**RECORDED DATA**.
▬▬▬▬▬▬

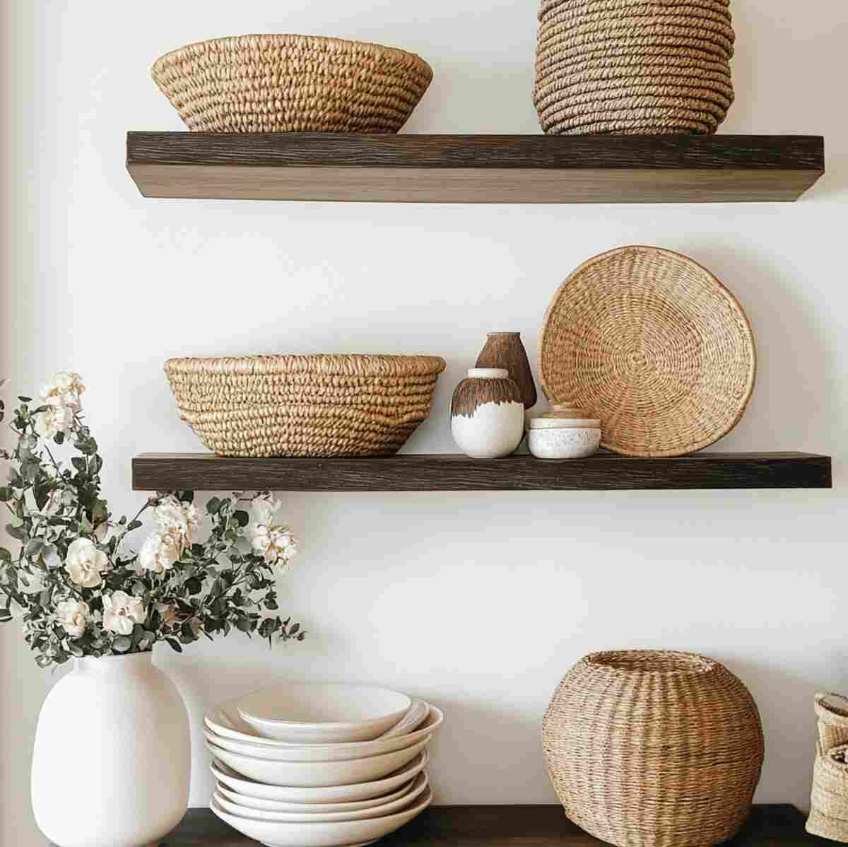 Woven baskets introduce texture and storage, making them a functional part of your Dining Room Floating Shelf Decor Ideas.
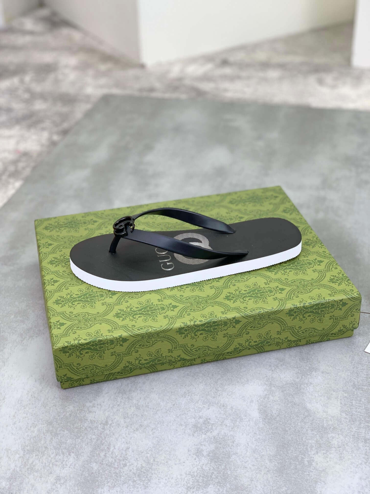 Embrace the effortless sophistication of timeless cool. These sandals are more a sleek declaration of understated luxury, designed to infuse your relaxed moments with an undeniable sense of refined style. Imagine the supple black strap gracefully contouring your foot, the iconic Interlocking G subtly glinting, a whisper of discerning taste with every confident step.
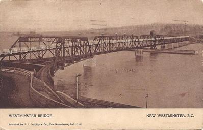 | Keywords: text "Westminster Bridge. New Westminster, B.C. Published for J. J. MacKay & Co., New Westminster, B.C. 1387" Warwick Bro's & Rutter, Limited, Printers, Toronto New Westminster Low Level Road-Rail Bridge with swing span. Known locally as the Fraser River Bridge. Photograph circa-1905. Bridge built by the province of British Columbia and opened in 1904. It was the first crossing of the lower Fraser River. It serviced three railways: the Canadian Northern Pacific Rwy., the Vancouver Victoria & Eastern Rwy., and the B.C. Electric Railway Co. By road, the bridge gave access from Vancouver-New Westminster to the farmlands of Langley, Surrey and Delta, to the old Yale Road up the Fraser Valley, and to the Pacific Highway south to the U.S. border. Both road and rail traffic increased steadily in weight and frequency over the years to the point of being a nuisance during peak periods, especially to truckers. The upper highway deck was one way width for trucks, and eventually (1937) was superseded by the 4-lane high level Pattullo Bridge alongside to the south. "Westminster Bridge. New Westminster, B.C. Published for J. J. MacKay & Co., New Westminster, B.C. 1387" Warwick Bro's & Rutter, Limited, Printers, Toronto New Westminster Low Level Road-Rail Bridge with swing span. Known locally as the Fraser River Bridge. Photograph circa-1905. Bridge built by the province of British Columbia and opened in 1904. It was the first crossing of the lower Fraser River. It serviced three railways: the Canadian Northern Pacific Rwy., the Vancouver Victoria & Eastern Rwy., and the B.C. Electric Railway Co. By road, the bridge gave access from Vancouver-New Westminster to the farmlands of Langley, Surrey and Delta, to the old Yale Road up the Fraser Valley, and to the Pacific Highway south to the U.S. border. Both road and rail traffic increased steadily in weight and frequency over the years to the point of being a nuisance during peak periods, especially to truckers. The upper highway deck was one way width for trucks, and eventually (1937) was superseded by the 4-lane high level Pattullo Bridge alongside to the south. |
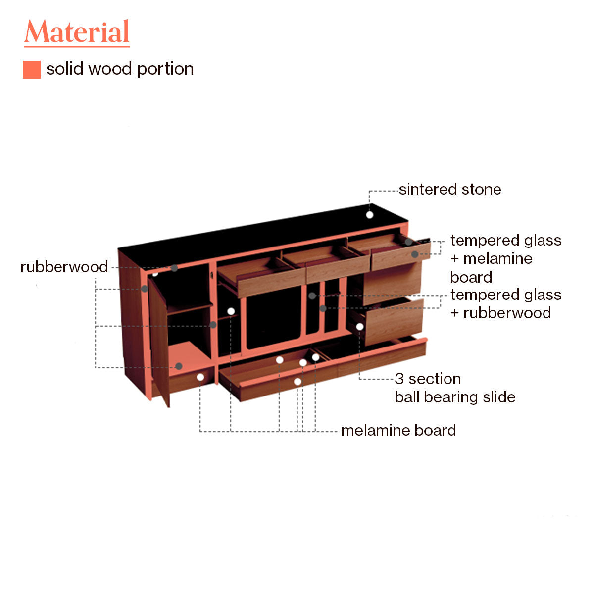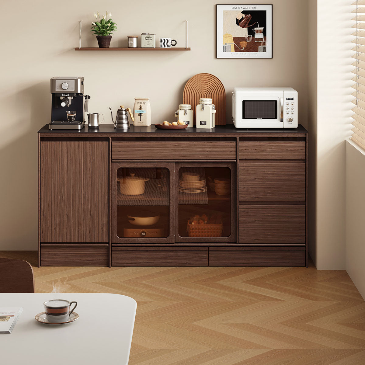 Adjustable Internal Shelving:Adjustable shelves and spacious drawers provide customizable organization for varied dishware, media, or decorative items.

▬▬▬▬▬▬

**EXERCISE INSTRUCTIONS**.
Leave out the pictures. Transcribe only the lines above, from the first through the one that contains "Embrace the effortless".

**EXPECTED ANSWER**.
 Woven baskets introduce texture and storage, making them a functional part of your Dining Room Floating Shelf Decor Ideas.
 Embrace the effortless sophistication of timeless cool. These sandals are more a sleek declaration of understated luxury, designed to infuse your relaxed moments with an undeniable sense of refined style. Imagine the supple black strap gracefully contouring your foot, the iconic Interlocking G subtly glinting, a whisper of discerning taste with every confident step.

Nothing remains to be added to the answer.